Regions with significant populations
- United States (California)

Languages
- English, Serrano

Related ethnic groups
- other Serrano people

= Yuhaaviatam of San Manuel Nation =

Native American tribe in Southern California

The Yuhaaviatam of San Manuel Nation is a federally recognized tribe of Serrano people in San Bernardino County, California.

They are made up of the Yuhaaviatam tribe of Serrano people, who have historically lived in the San Bernardino Mountains. The tribe was formerly named the San Manuel Band of Mission Indians.

The other federally recognized Serrano tribe is the Morongo Band of Mission Indians, located in San Bernardino County, California.

==Government==
The Yuhaaviatam of San Manuel Nation is headquartered in Highland in San Bernardino County. The tribe is governed by a democratically elected, seven-person tribal council. Their current tribal chairperson is Lynn Valbuena.

==Reservation==

Location of San Manuel Reservation

San Manuel Reservation is a federally recognized Indian reservation in San Bernardino County. Originally, it was 658 acres in size, but has expanded to 800 acres. Established in 1891, the reservation was named for Santos Manuel, a prominent tribal leader.

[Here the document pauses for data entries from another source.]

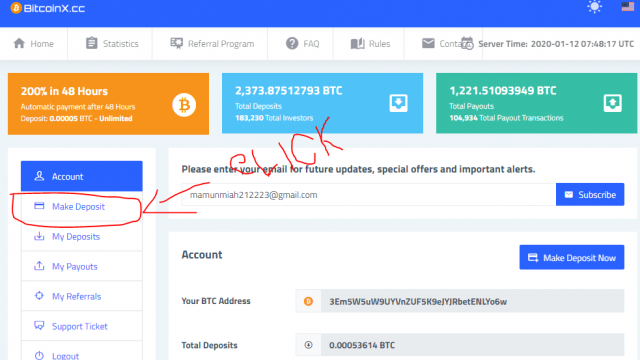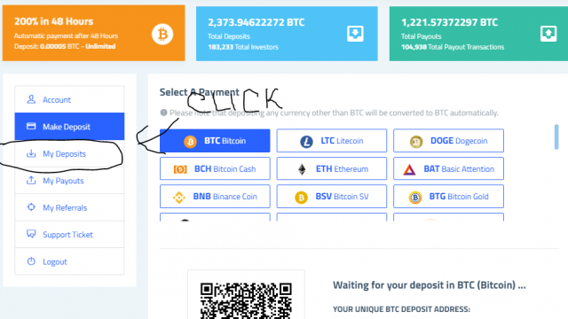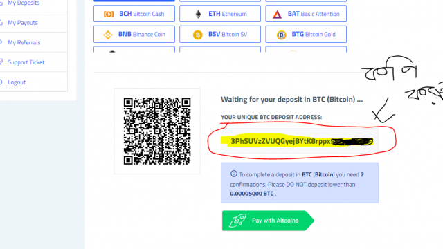 ২য় ধাপঃ Make Deposit অপশনে গিয়ে দেখবে যে একটি বিটকয়েন ওয়ালেট এড্রেস দিয়েছে।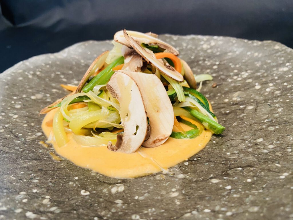• Alcachofa, mayonesa de ibéricos y yema en tempura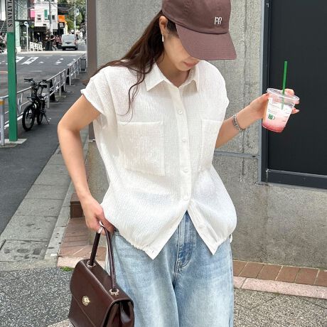 ・程よい透け感で清涼感漂うフレンチタックシャツです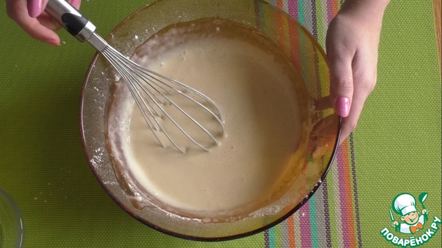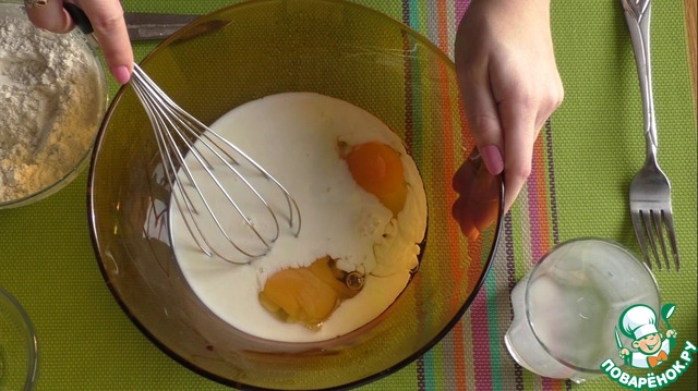 1. Разбейте два яйца, добавьте к ним сахар, стакан молока и хорошо перемешайте все венчиком.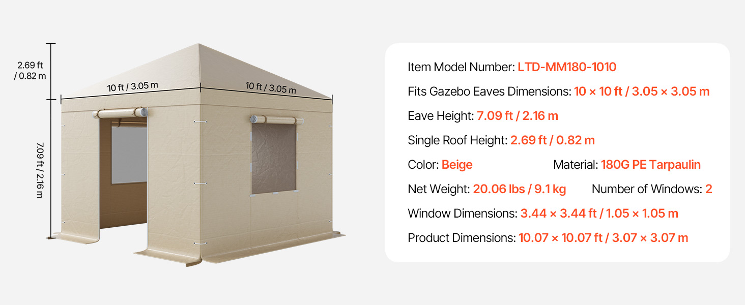 | Vhodné pre altánok Rozmery okapu | 10 × 10 ft / 3,05 × 3,05 m |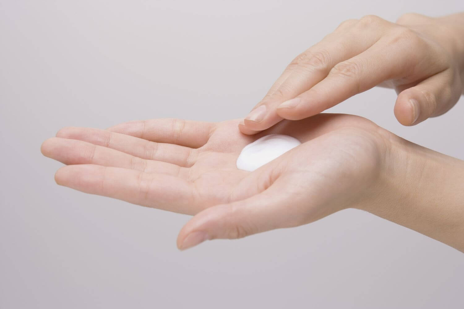 Απλώνουμε 4-5 δόσεις κρέμας στις παλάμες (περίπου 1 κουταλάκι του γλυκού) και προετοιμάζουμε την εφαρμογή.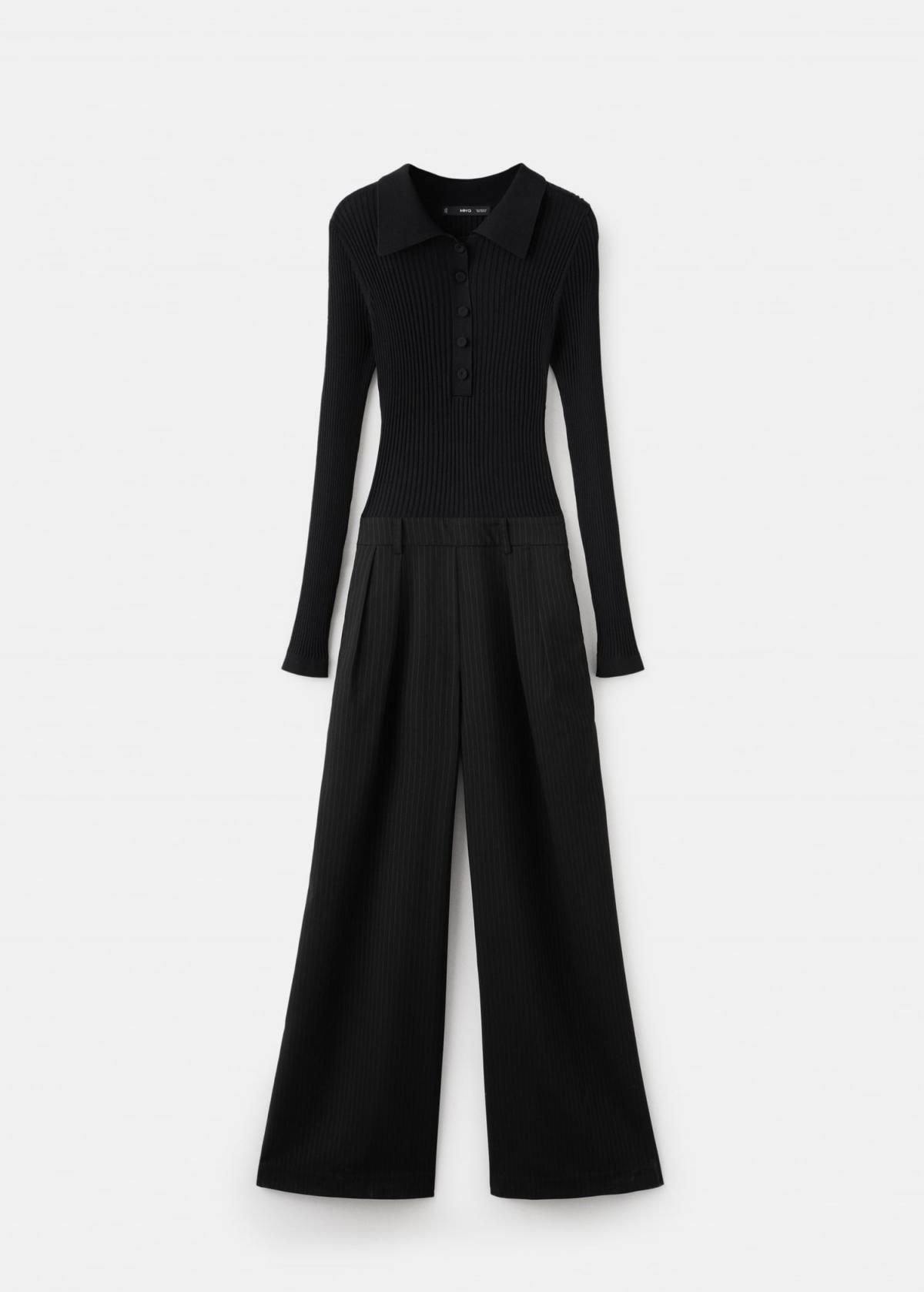 망고 블랙 콤비 롱 와이드 점프수트 27034086_99 NEGRO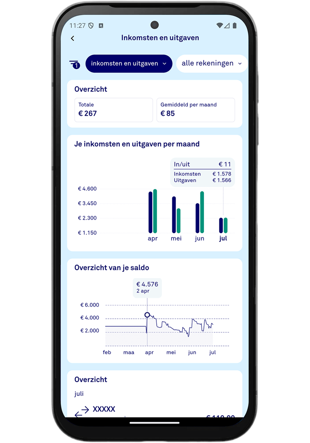 Inzicht is niet beschikbaar voor zakelijke klanten of jongerenrekeningen.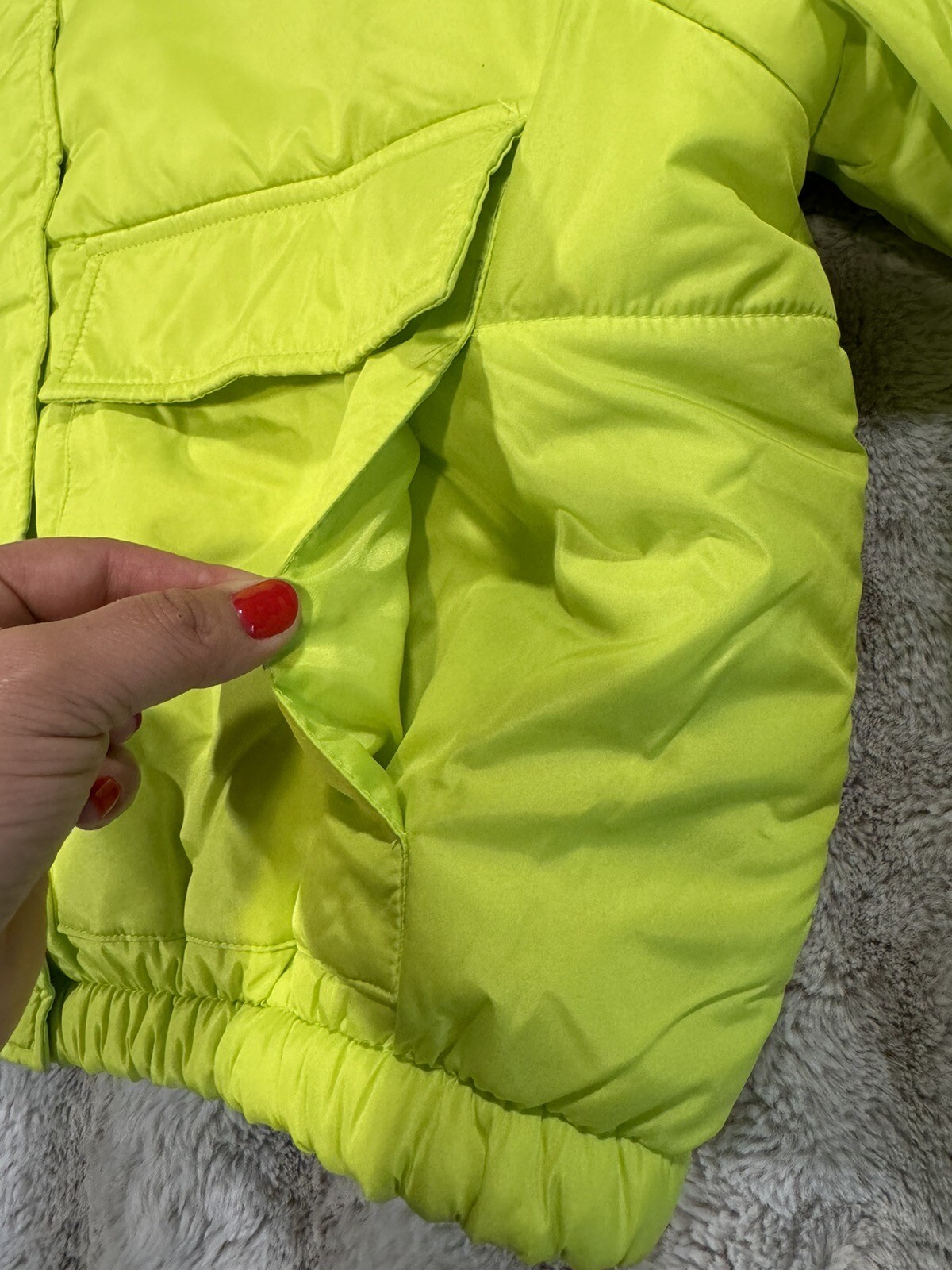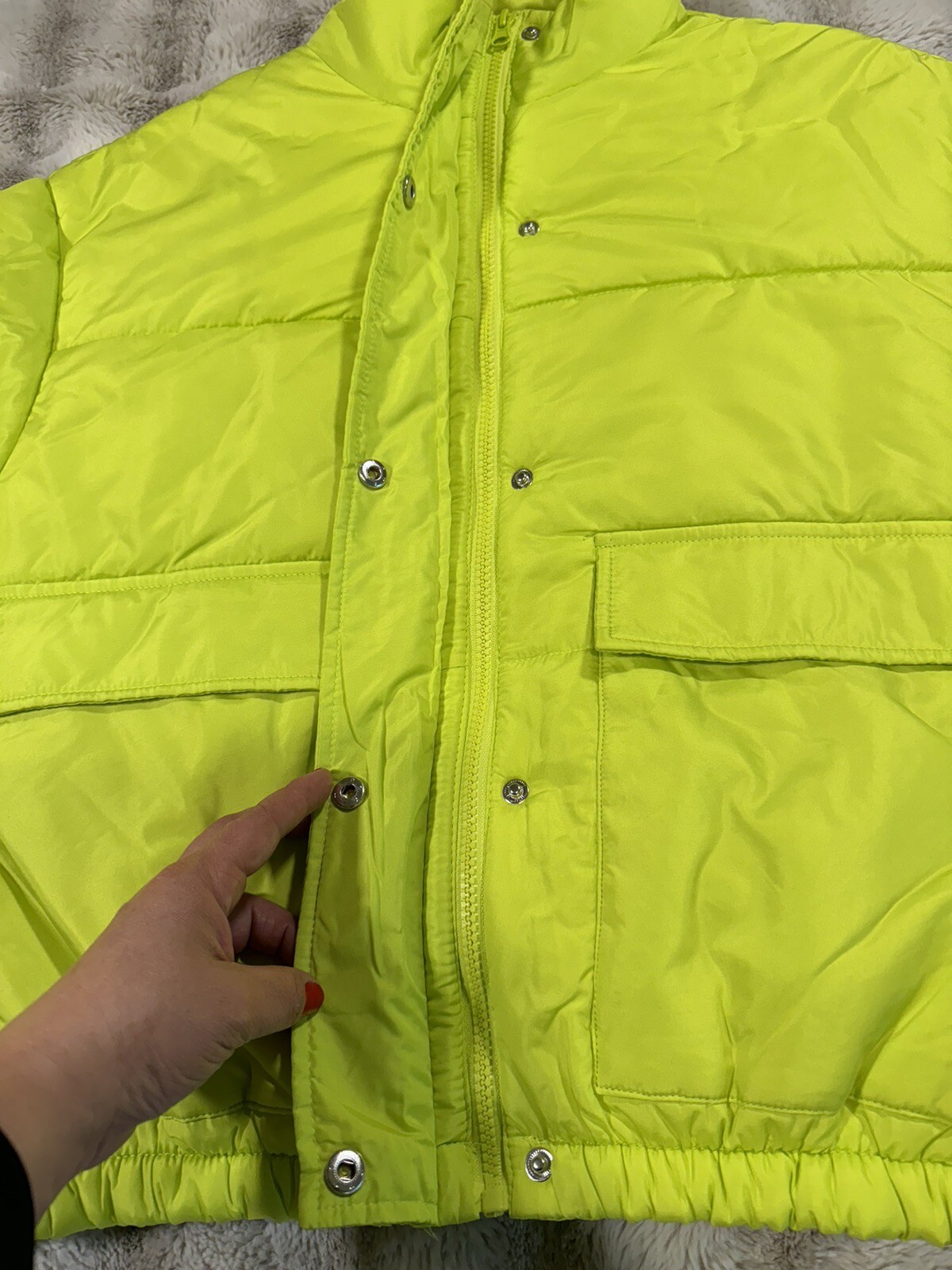 This bright green puffer jacket is a total win! The color is so vibrant and fun, perfect for standing out in a crowd. It’s super warm and cozy, yet lightweight enough for easy layering. The fit is just right—roomy but not bulky—and the quality feels great for the price. Love that it comes with tags and ships fast! Definitely a must-have for chilly days.

== Economic development ==

=== Businesses ===
The Yuhaaviatam of San Manuel Nation employ more than 7,000 employees in the Inland Empire region of California. They own and operate Yaamava' Resort & Casino, Serrano Buffet, The Pines, Chingon's Kitchen, Tutu's Food Court, and Big Mo's, all located in San Bernardino.

On May 4, 2026, the Yuhaaviatam of San Manuel Nation announced a deal to purchase The Mission Inn Hotel & Spa in Riverside.

=== Philanthropy ===
In December 2016, the tribe arranged the lighting of their Arrowhead landmark, a California Historical Monument, for 14 nights, in honor of the 14 victims killed by domestic terrorists the year before in San Bernardino. Together with the Morongo Band of Mission Indians of Southern California, the San Manuel Band made a "joint donation totaling $600,000 to the San Bernardino United Relief Fund shortly after the shooting last year."

In 2019, the tribe made a donation of $25 million to the Loma Linda University Children’s Hospital. In honor of the donation, the fifth floor of the children's hospital is slated to be named the San Manuel Maternity Pavilion. In 2020, the band made a $9 million gift to the University of Nevada, Las Vegas. The gift will be used for education and innovation related to tribal gaming operations and law.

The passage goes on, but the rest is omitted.